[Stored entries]
○ ○ ○ ○

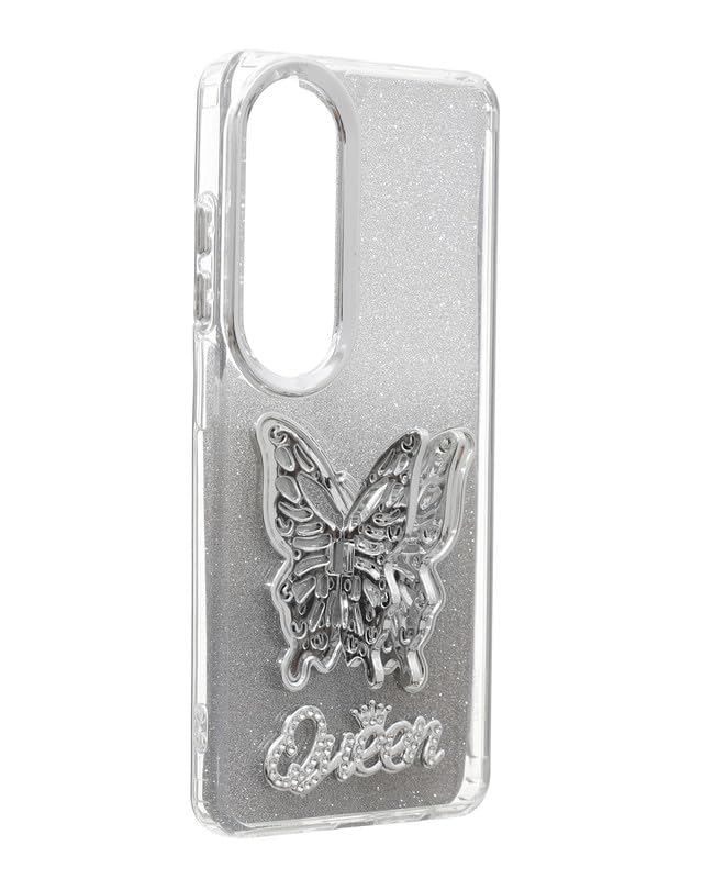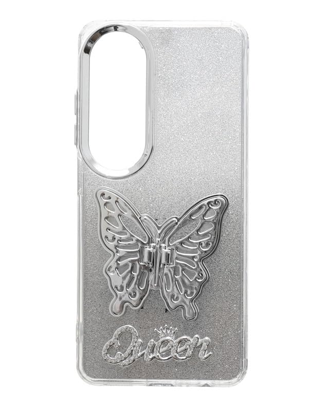جراب حماية خلفي لامع بحامل مخفي على شكل فراشة ثلاثية الأبعاد لموبايل أوبو A60 من سي اف اس، فضي
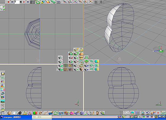 2. 按下點編輯;點的按鈕,再用矩形選擇工具將球體的右半邊所有的點給選取起來,按下消除頂點,將右半邊刪除掉,然後再按下刪除面的按鈕,選取中間的面,將其刪除,如圖。
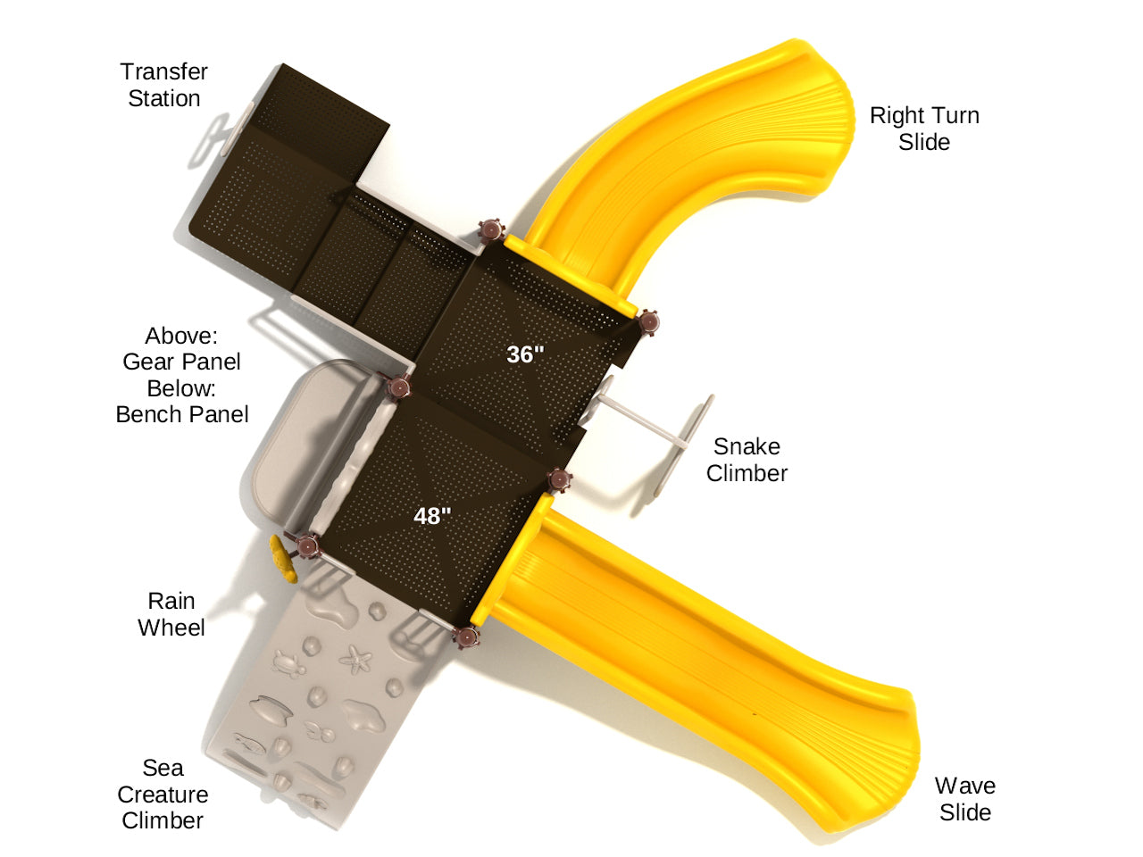 Children will be able to amuse themselves whether for a quick fifteen-minute recess or an hour-long play session on the Reno play equipment. They can pretend to climb up thick jungle vines as they scale the Snake Climber which features a twisted design that allows children to experiment with hand-eye coordination for foot and hand placement. A deep sea adventure awaits on the Sea Creature Climber where children can use the 3D shapes of jellyfish and starfish to move up or down the section. At the top of the platform there’s an interesting Gear Panel featuring multi-colored gears and below there’s a Bench Panel to get some respite from all the running and playing. Kids can choose from two fantastic slides too, a Right Turn Slide to provide an angled experience and a Wave Slide that will make them bump and jiggle as they head towards the ground below. For children who like to enjoy the sensory aspect of play, a gentle spin of the Rain Wheel will make it sound like raindrops are falling.
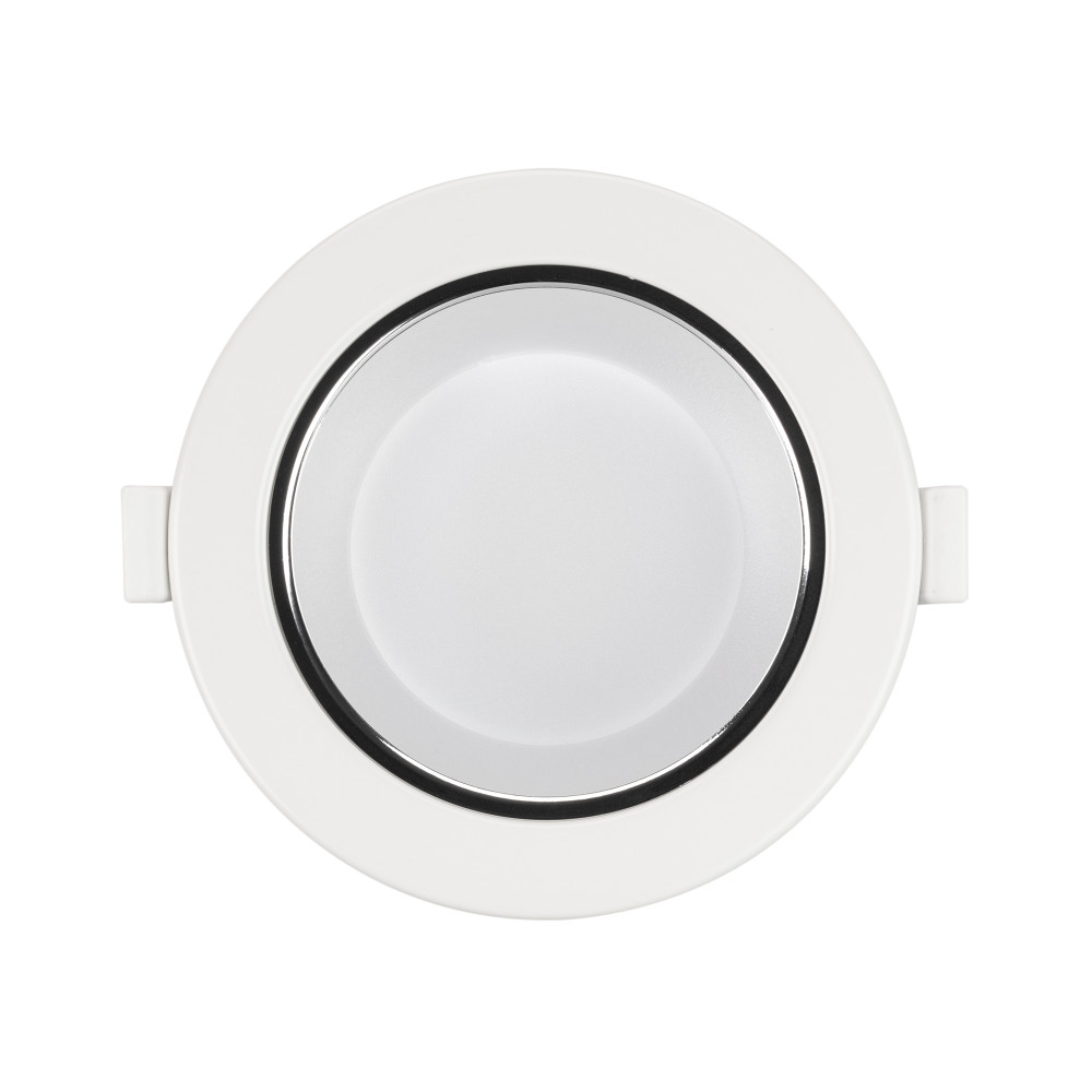 Светильник даунлайт с изменяемой цветовой температурой и переключателем на корпусе. Мощность 10 Вт, св. поток 880 лм, 88 лм/Вт, белый 6000К, или дневной 4000К, или теплый 3000К (выбор цвета свечения при установке, фиксированный), CRI>80, угол 80°, напряже
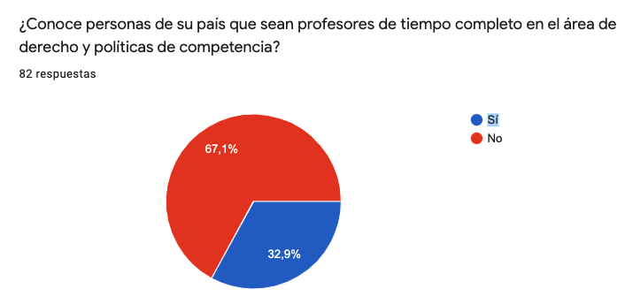 Primero. En América Latina no habría más de una docena de profesores que trabajen tiempo completo en una universidad y que se especialicen en derecho e la competencia. El 67% de los encuestados no conocen personas de su país que sean profesores de tiempo completo en la materia. Esta cifra sería mayor si incluyera a las personas que dijeron conocer personas que son «profesores de tiempo completo» pero que en su respuesta sobre a qué profesores se referían identificaron personas que son «profesores de medio tiempo» o de «hora cátedra».

○ ○ ○ ○

▸ PROMPT: Begin at the first line of the records and please reproduce every line exactly through the one containing "2. 按下點編輯;點的按鈕,再用矩形選擇", leaving all pictures out.

▸ RESULT FOR THIS TASK:
جراب حماية خلفي لامع بحامل مخفي على شكل فراشة ثلاثية الأبعاد لموبايل أوبو A60 من سي اف اس، فضي
 2. 按下點編輯;點的按鈕,再用矩形選擇工具將球體的右半邊所有的點給選取起來,按下消除頂點,將右半邊刪除掉,然後再按下刪除面的按鈕,選取中間的面,將其刪除,如圖。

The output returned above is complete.